Pembangunan di Indonesia Masih Tidak Sesuai dengan Rencana Tata Ruang
Direktur Jenderal Pengendalian dan Penertiban Tata Ruang Kementerian Agraria Tata Ruang/Badan Pertanahan Nasional (ATR/BPN), Jonahar, menyoroti pembangunan di Indonesia yang masih tidak sesuai dengan rencana tata ruang yang ditetapkan Kementerian ATR/BPN. Pemanfaatan ruang yang tidak sesuai dengan rencana tata ruang menjadi salah satu persoalan krusial yang membawa dampak luas terhadap lingkungan, sosial, dan ekonomi di Indonesia.
“Ketidaksesuaian antara perencanaan dan pelaksanaan pemanfaatan ruang telah menyebabkan berbagai bencana dan permasalahan, mulai dari banjir, tanah longsor, munculnya permukiman kumuh, menurunnya ketahanan pangan, hingga pencemaran lingkungan,” terang Jonahar dalam presentasinya di acara Genius Mercator di GIK UGM, Sabtu, 31 Mei 2025.
Jonahar lantas menampilkan data-data untuk memperkuat hipotesisnya. Dalam kurun waktu 2015 hingga 2024, data dari Badan Nasional Penanggulangan Bencana (BNPB) mencatat tingginya frekuensi kejadian tanah longsor, yaitu mencapai 7.024 peristiwa. “Bencana ini tidak hanya mengakibatkan kerusakan infrastruktur dan terganggunya sistem transportasi, tetapi juga berdampak langsung pada perekonomian masyarakat, terutama di wilayah-wilayah yang rawan longsor dan minim pengawasan tata ruang,” lanjutnya.
Masalah pemanfaatan ruang juga berkontribusi terhadap kualitas permukiman. Berdasarkan data Badan Pusat Statistik (BPS) tahun 2022, sekitar 63 persen dari 2,78 juta rumah tangga di Jakarta, atau sekitar 1,77 juta rumah tangga, belum memiliki rumah yang layak huni. Kondisi ini diperburuk dengan masih adanya 450 rukun warga (RW) yang tergolong sebagai wilayah kumuh di Provinsi Daerah Khusus Jakarta. Ketimpangan ini mencerminkan lemahnya pengendalian pembangunan kawasan permukiman yang tidak terintegrasi dengan sistem tata ruang yang semestinya.
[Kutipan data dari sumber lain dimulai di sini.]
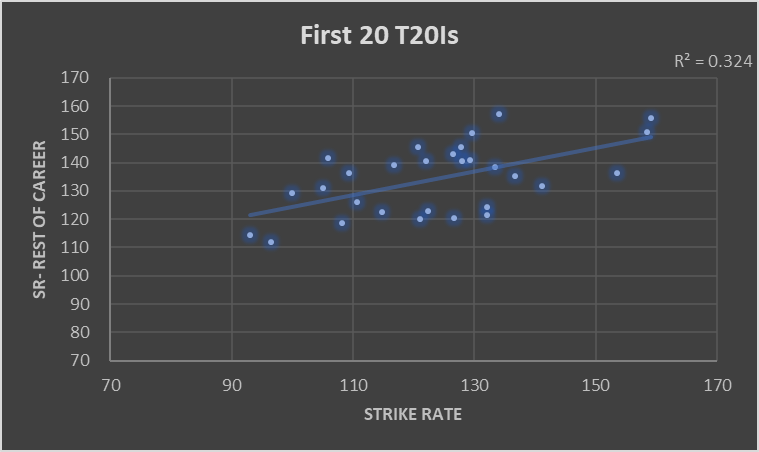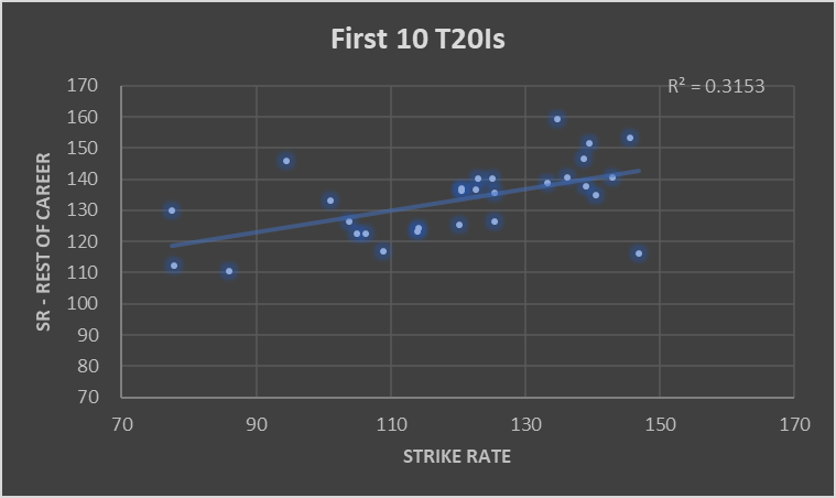 Play for long enough and a batsman’s Strike Rate reflects their ability. However, in the early stages their career Strike Rate will be volatile as the sample is small. One significant factor is the impact of average on Strike Rate: most innings accelerate as they go on, so one big score early on will give a player a temporarily favourable career SR.

Selain dampak lingkungan dan sosial, isu strategis dalam bidang pengendalian dan penertiban tanah serta ruang juga mencuat. Salah satu masalah utama adalah kurangnya kepastian hukum terhadap hak atas tanah (HGB) di kawasan perkotaan. Ketidakpastian ini menyulitkan pengawasan dan pengendalian penggunaan tanah secara adil dan efisien.
“Untuk itu, diperlukan pengendalian hak atas tanah secara menyeluruh melalui pendekatan analisis 5M serta penertiban melalui penertiban izin pemanfaatan ruang yang sesuai,” tutur Jonahar.
Ketimpangan kepemilikan tanah juga menjadi akar persoalan ekonomi yang mendalam. Banyak tanah yang telantar dan tidak digunakan secara produktif, padahal bisa menjadi solusi atas kesenjangan ekonomi. Oleh karena itu, penertiban terhadap penguasaan, pemilikan, dan penggunaan tanah menjadi langkah penting dalam menciptakan keadilan agraria serta efisiensi pemanfaatan ruang yang berkelanjutan.